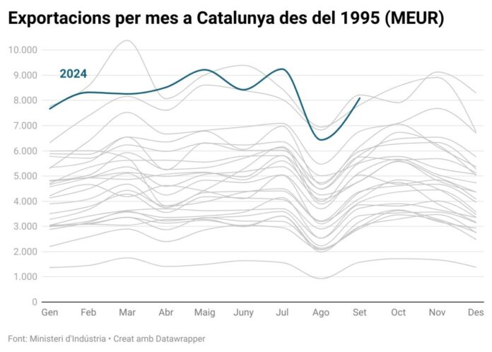 Les exportacions catalanes van pujar un 3,4% interanual el setembre després del descens del 7,3% de l’agost i van marcar la segona dada més alta dels registres del mes, segons les dades del Ministeri d’Indústria, Comerç i Turisme. En total, Catalunya va exportar béns a l’estranger per valor de 8.089,8 milions d’euros. L’únic setembre amb un millor resultat d’exportacions va ser el del 2022, en el qual es va vendre a l’exterior per valor de 8.220,7 milions. Durant el setembre de l’any passat el total exportat es va quedar en 7.823,3 milions. En canvi, les vendes a l’exterior de les empreses continuen arrossegant descensos en l’acumulat anual. Entre gener i setembre, les exportacions van caure un 2,9% interanual, fins als 74.182,9 milions.
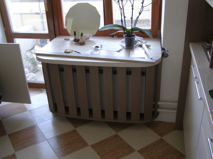 Матеріали - ламінована ДСП «Swiss Krono» 16 мм. Крайка - протиударна, ПВХ, товщиною 0,5 мм. Фурнітура - "DC", "Linken".
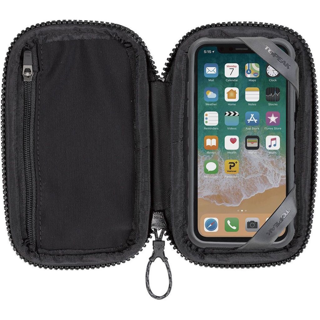 Pevná peněženka s pouzdrem na mobilní telefon. Měkká sametová vnitřní podšívka ochrání vaše věci, peněženka je kompaktní a dobře organizovaná. Je vybavena vnitřními / síťovanými kapsami na zip, takže udrží vaše kreditní karty, bankovky, mince a klíče na svém místě a usnadní přístup díky širokému otvoru na zip. Pružné silikonové pásky bezpečně udrží váš smartphone na místě, když je peněženka otevřená. Dostatečně kompaktní, aby se vešla i do kapsy dresu.
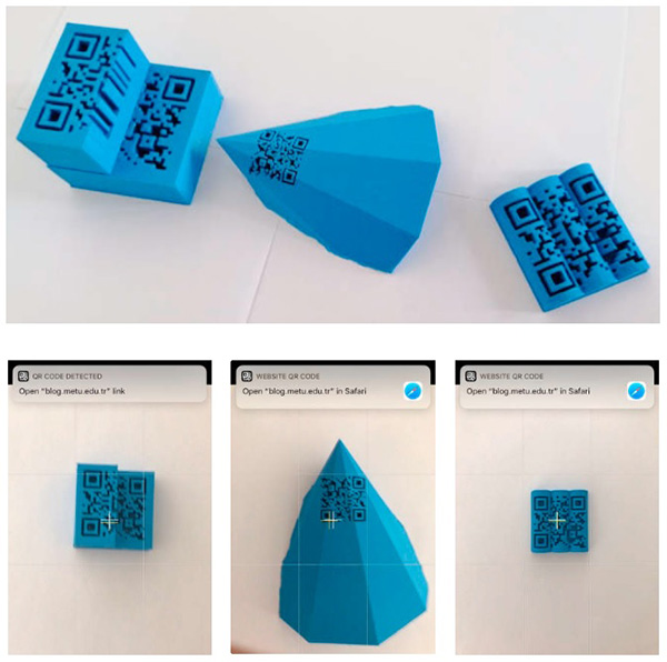 Since we are using the interior surfaces, the outer surface or the shape of the object is not affected by the QR code patterns. We used Rhinoceros3D (CAD software) and Grasshopper3D (analytical modeling tool for Rhinoceros3D) environments for the realization of the proposed method. We fabricated several parts with QR codes in them utilizing a Fused Filament Fabrication type of 3D printer and showed that the codes are readable via the cameras of the mobile phones. We concluded the paper with proposing some application areas of the method.
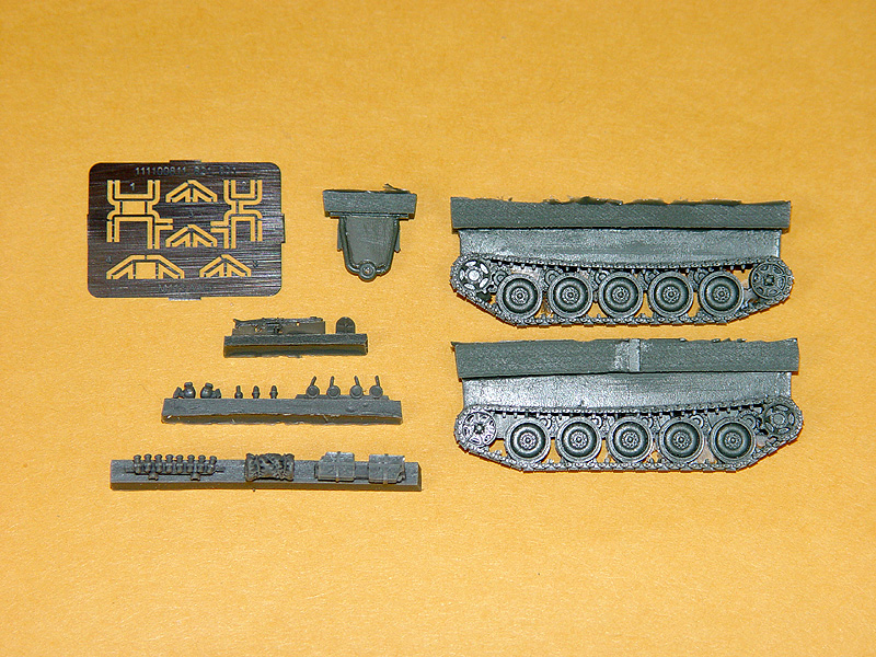 Armored personal carrier M113 A1G. Unassembled plastic model kit superdetailed with resin and photo-etched parts. Pictured assembly instructions are included.
--------------------------------
(WORK REQUIRED): Each line above should be set down exactly as written, with pictures excluded.

(PROBLEM SOLUTION):
 Les exportacions catalanes van pujar un 3,4% interanual el setembre després del descens del 7,3% de l’agost i van marcar la segona dada més alta dels registres del mes, segons les dades del Ministeri d’Indústria, Comerç i Turisme. En total, Catalunya va exportar béns a l’estranger per valor de 8.089,8 milions d’euros. L’únic setembre amb un millor resultat d’exportacions va ser el del 2022, en el qual es va vendre a l’exterior per valor de 8.220,7 milions. Durant el setembre de l’any passat el total exportat es va quedar en 7.823,3 milions. En canvi, les vendes a l’exterior de les empreses continuen arrossegant descensos en l’acumulat anual. Entre gener i setembre, les exportacions van caure un 2,9% interanual, fins als 74.182,9 milions.
 Матеріали - ламінована ДСП «Swiss Krono» 16 мм. Крайка - протиударна, ПВХ, товщиною 0,5 мм. Фурнітура - "DC", "Linken".
 Pevná peněženka s pouzdrem na mobilní telefon. Měkká sametová vnitřní podšívka ochrání vaše věci, peněženka je kompaktní a dobře organizovaná. Je vybavena vnitřními / síťovanými kapsami na zip, takže udrží vaše kreditní karty, bankovky, mince a klíče na svém místě a usnadní přístup díky širokému otvoru na zip. Pružné silikonové pásky bezpečně udrží váš smartphone na místě, když je peněženka otevřená. Dostatečně kompaktní, aby se vešla i do kapsy dresu.
 Since we are using the interior surfaces, the outer surface or the shape of the object is not affected by the QR code patterns. We used Rhinoceros3D (CAD software) and Grasshopper3D (analytical modeling tool for Rhinoceros3D) environments for the realization of the proposed method. We fabricated several parts with QR codes in them utilizing a Fused Filament Fabrication type of 3D printer and showed that the codes are readable via the cameras of the mobile phones. We concluded the paper with proposing some application areas of the method.
 Armored personal carrier M113 A1G. Unassembled plastic model kit superdetailed with resin and photo-etched parts. Pictured assembly instructions are included.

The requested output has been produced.